Visual Data Storytelling Contest Shortlist

Visual Data Storytelling Contest Shortlist

2022 IEEE PacificVis Visual Data Storytelling Contest accepts video, data comic or infographic that uses visualization to communicate a narrative, a message or a series of insights. This year we received 10 submissions, which were reviewed by 7 judges, and ultimately 4 works were shortlisted. The winners will be announced during PacificVis 2022.

Visual Data Storytelling Contest

Color coding: Winner: / Honorable mention:

1. Understanding Cultural Communication through the Visual Portraits of Youtube Channels

Shiman Zhang (Tongji University)
Haotian Wu (Zhejiang University)
YuXuan Li (Tongji University)
Yancheng Cao (Tongji University)
Yang Shi (Tongji University)
Siming Chen (Fudan University)
Nan Cao (Tongji College of Design and Innovation)

Abstract: The Guinness World Record for the “the most subscribed Chinese YouTube Channel” was set by Chinese short video blogger Li Ziqi, whose videos are not in English but are popular with foreign audiences. This data video presents a visual portrait of Li Ziqi’s YouTube channel. The visual portrait depicts cultural communication power using six dimensions: subscriptions, the number of videos in vogue, average video views, like rate, YouTube category, and whether the channel is a personal blogger. By building a series of visual portraits of YouTube channels, we first compared China’s cultural communication power among the three East Asian culture countries, including China, Japan, and Korea. Then, we compared East Asian culture’s cultural communication power as a whole among different cultural regions of the world. We collected data through public data sources and Google YouTube Data API and processed the data through statistical analysis. Finally, we proposed a set of suggestions regarding how to improve the cultural communication power of Chinese on YouTube.

2. Emergency Logistics Constructing a Lifeline in Wuhan for Fighting COVID-19

Linqi Wang (Hunan University)
Fengzhou Liang (Sun Yat-sen University)
ning bin (Hunan University)
Junyan Lv (Hunan University)
Fang Liu (Hunan University)

Abstract: COVID-19 has brought a significant impact on the world.
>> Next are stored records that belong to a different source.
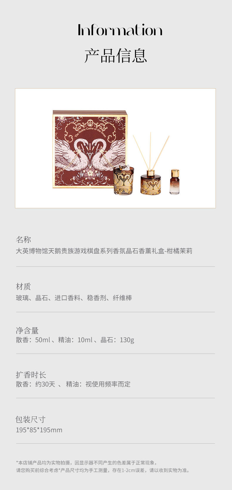 大英博物馆天鹅贵族游戏棋盘系列香氛晶石香薰礼盒-柑橘茉莉
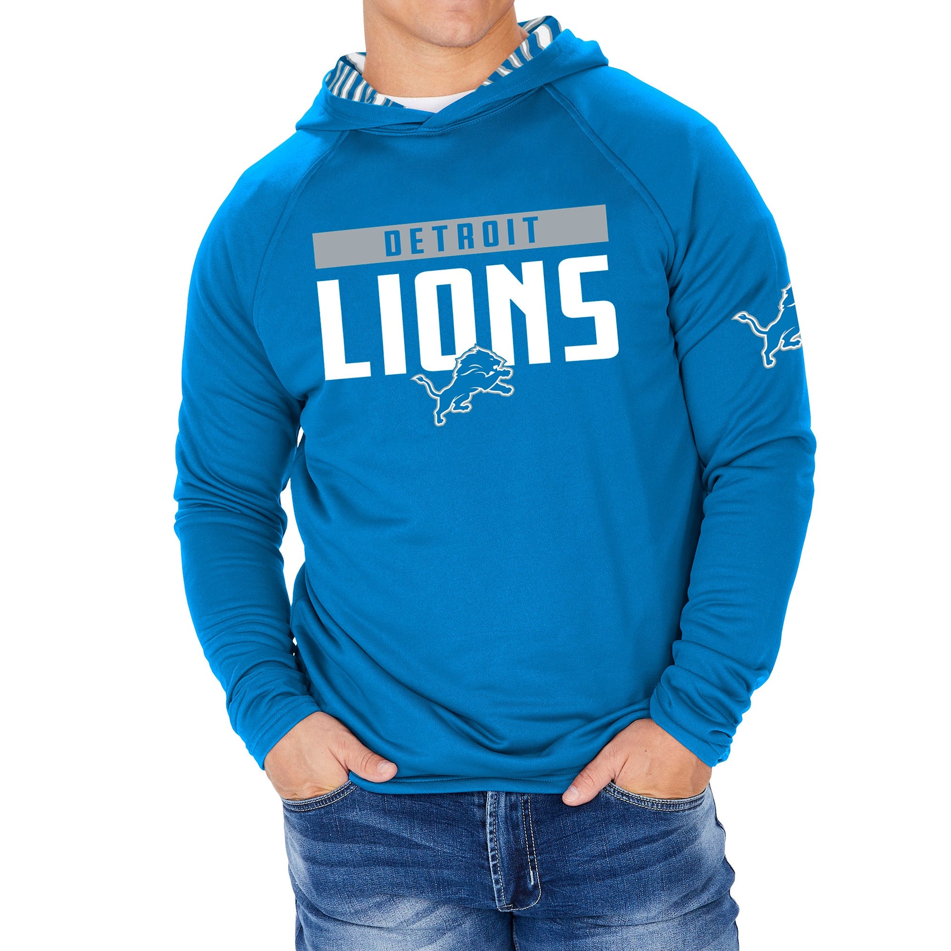 Zubaz NFL Men's Light Weight Team Color Hoodie With 3 Tone Zebra Lined Hood, Great Play Logo, Detroit Lions
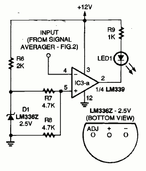Este circuito para indicador com LED usa um comparador LM339. O circuito foi encontrado na revista Electronics Now de janeiro de 1995. A fonte de alimentação é simples.
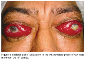 In Graves' orbitopathy (GO) eye subluxation is associated with the lipogenic pole of the disease which involves patients with almost normal extraocular muscles (EOM), increased volume of orbital fat and high degrees of proptosis(10). In these patients the subluxation is transient and easily managed with manual eye repositioning(2). Globe subluxation in the setting of the active phase of the myogenic type of GO is an extremely serious and different situation that is rarely mentioned in the ophthalmic literature. We are aware of just one of case reported in Israel(11).
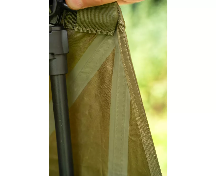 Płachta namiotu posiada wiele punktów mocowania, które umożliwiają napięte, stabilne ustawienie na różnych wysokościach. Jest to szczególnie przydatne, gdy warunki terenowe lub specyfika miejsca wędkowania są zróżnicowane. Materiał parasola to tkanina 150D PU Supa Lite, która jest wodoodporna, lekka i trwała, co czyni go niezawodnym towarzyszem nad wodą przez długi czas.
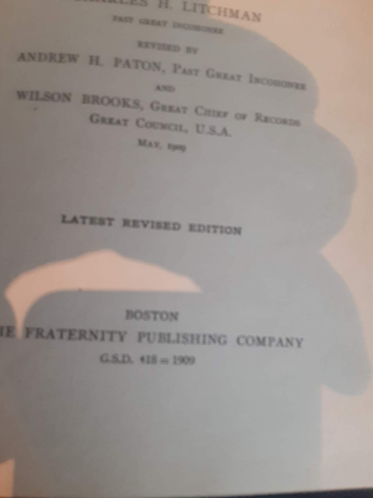 The Official History of the Improved Order of Redmen. Illustrated. This is the 1909 edition of this book published in Boston. There is some discoloration on the cover. All pages intact, none loose. When I looked it up , this book appears to be in better shape than most others with the same title.
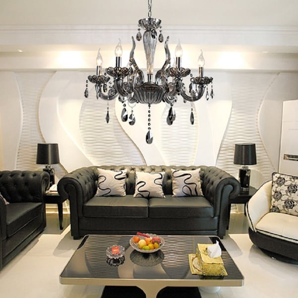 Glam Smoke Grey 6-Light Crystal Glass Chandelier for Living Room and Dining Room
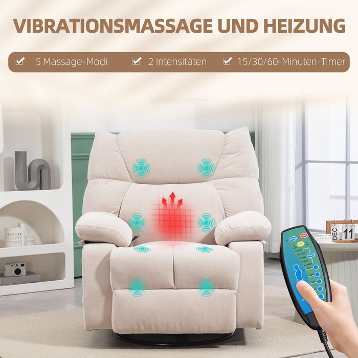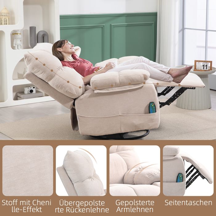 Massagesessel mit Wärme- & Liegefunktion, drehbar, bis 150 kg, Metallgestell, 98x90x98cm, Beige
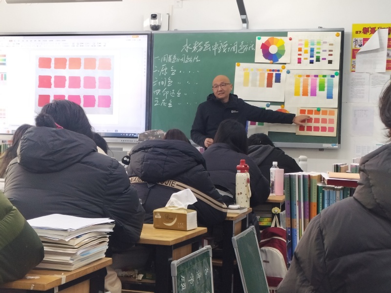 12月20日上午,美术教育系开展了“每月一课”教研活动。郜刚老师在美术24(2)班开设了《水粉画中主要调色方法》公开课,公司部分领导及色彩课程组部分老师参加了本次活动。

It is a joint responsibility of all countries to fight against this epidemic together. Through visual and interactive web pages, taking emergency logistics as the clue, the work tells a touching story: in the spring of 2020, people all over China and even the world supported Wuhan to fight the outbreak and overcome the shortage of resources. Wuhan, known as the “thoroughfare of nine provinces,” was not isolated from the outside world under lockdown but has received a steady stream of support despite the corona-virus crisis. The story divides into five chapters. The color of the visualization page changes from dark to bright, representing Wuhan getting rid of the haze of the epidemic step by step. We hope to encourage people to help each other and contribute to an early and complete victory over the coronavirus throughout the world.

3. Polydodo: a Tool for Personal Sleep Stage Analysis and Narrative Visualization

William Harvey (Polytechnique Montreal)
Claudia Onorato (Polytechnique Montreal)
Thomas Hurtut (Polytechnique Montreal)

Abstract: The submitted story is part of an open source project called Polydodo. This project proposes a user-friendly tool and interface to classify sleep stages. The user can upload sleep records, and then visualize them through a data story-telling format. The story and visualizations adapt to the user’s data. For the sake of submission to PacificVis, we show the “preview” mode, using already loaded data. EEG data is analyzed by a Random forest classifier followed by a Hidden Markov Model post-processing. The design process of this project started as a team project during the 2020 winter semester of “Data Visualization Design” course at Polytechnique Montreal. It followed a classical iterative user-centred design process, targeting non expert user regarding sleep cycles data, therefore also the choice of using a story-telling based format to communicate them. The fact that the user can upload personal sleep data also reinforces the user engagement.

4. The Story of Slow Train in China

Juanjuan Long (Jiangnan University)
Wei Zhou (Jiangnan University)
YongJie Xing (Jiangnan University)
yang kang (Jiangnan University)
Siyuan He (Cognizant)
Yimin Mao (Cognizant)

Abstract: The original intention of our work is to make people understand the development of Slow train in China and the role it plays in rural revitalization. In terms of data, we first collect the slow train data of China’s railway network and related news reports (including train number, mileage, starting and ending points, etc.) and displayed the data results in charts. In terms of design, we first interpret the data and compare the speed of slow trains with high-speed trains. Then, we use charts and maps to analyze the distribution and development of slow trains in China. Finally, we use collages to illustrate the story of people’s livelihood. The technical implementation method uses the web page interaction technology of CSS3 and Javascript. Due to technical limitations, to give you a better viewing experience, this work is recommended to be viewed at 1920X1080 resolution.